Donnacha O'Brien deflects talk of retirement after retaining his crown
It was a case of 111 not out for Donnacha O'Brien at Naas on Sunday as the 21-year-old retained his champion jockey title after a prolonged duel with Colin Keane but was not talking about retirement.
O'Brien refused to comment on speculation of his retirement from the saddle, although he has already set up a training establishment in Longfield with his father Aidan confirming that the unbeaten Fancy Blue was under his wing after she won for a second time at the Curragh last month.
But the two-time champion preferred to revel in the present rather than get fixated on the future after Nobel Prize brought his tally to 111 for the campaign.
That was eight more than Keane in a historic season as it was the first time two jockeys reached a century of winners in Ireland.
"You are all absolutely mad for me to retire!" said O'Brien when asked the question. "The plan is the same as always, I will take it one year at a time and it is nice to get this one out of the way.
"I am looking forward to taking a break and thinking about things. We'll see," added O'Brien tantalisingly.
It was a wonderful weekend for the O'Brien brothers with Joseph becoming the youngest ever Breeders' Cup-winning trainer thanks to Iridessa in the Filly & Mare Turf and Donnacha completed a terrific 24 hours for the family by sealing back-to-back titles on home soil.
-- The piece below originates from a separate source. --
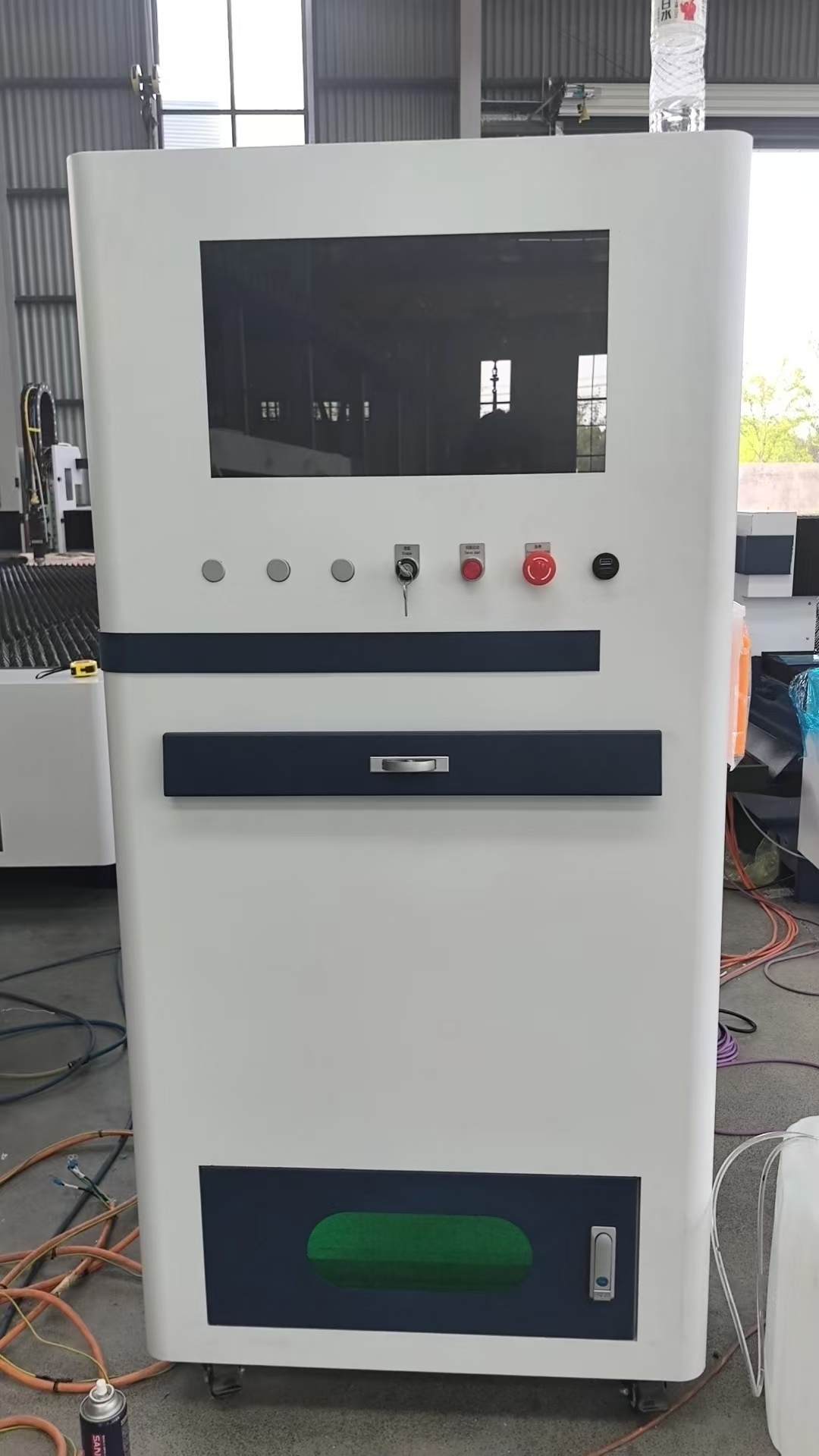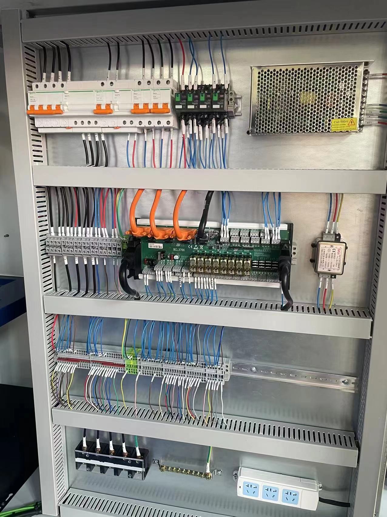 Die Laser quelle (3000W-6000W) kann auch innerhalb des elektrischen Schranks setzen, was notwendig ist, um eine bessere Kühlung durch Außen klimaanlage zu haben, das ist, um den Platz für die Fabrik zu sparen arrangieren

The champion jockey was forced to play catch-up for most of the season as Keane set a blistering pace but an impressive October return of 21 winners sealed the deal.
O'Brien said: "It was a good, old battle and I was glad to come out on top. Obviously your first championship is very special but it was great to get to back it up.
"It really did feel like a proper battle this year. I don't know what Colin made of it all, but I found that whenever I wasn't riding in a race I would be looking out for whatever Colin was riding and see how he is getting on. In the last few weeks it felt as though we were both riding to beat each other so it really did feel like a good, old battle and I enjoyed it."
O'Brien was full of praise for the runner-up who made him pull out all the stops to defend his title.
"For both of us to ride over 100 winners shows how good of a rider Colin is too. He wouldn't have the ammunition I have, so for him to ride so many winners is a credit to him," said the champion jockey.
Pressed whether or not he is ruling out a third championship, O'Brien replied: "I'm not saying anything."
Keane, the 2017 champion, was unable to regain his title but it was not for a lack of effort as his 103 winners was the highest total ever posted by a runner-up.
The 25-year-old was focusing on the positives of the season and singled out Siskin's Group 1 success in the Phoenix Stakes at the Curragh in August as his personal highlight.
"It was a tough battle. It didn't quite come off but we have still had a great year. To break 100 winners and to have our first domestic Group 1 winner was brilliant, and we won the first million pound Ebor as well so, all in all, it has been a great year. Obviously, it would have been great to be champion jockey again, but Donnacha is a deserving winner. We both rode over 100 winners so I can't complain," said Keane.
He added: "At the end of it all Donnacha deserved it. He has to work very hard on his weight so fair dues to him, he deserves it.
"Siskin has to be the highlight. Just the way he improved from run to run."
Reflecting on Siskin's withdrawal from the Middle Park Stakes after he reared up in the stalls, Keane added: "It was a shock what he did at Newmarket, it was more of a shock than a disappointment as the one thing we could always count on was his attitude and his behaviour.
"It was completely out of character for him to do that but hopefully we have something to dream about over the winter."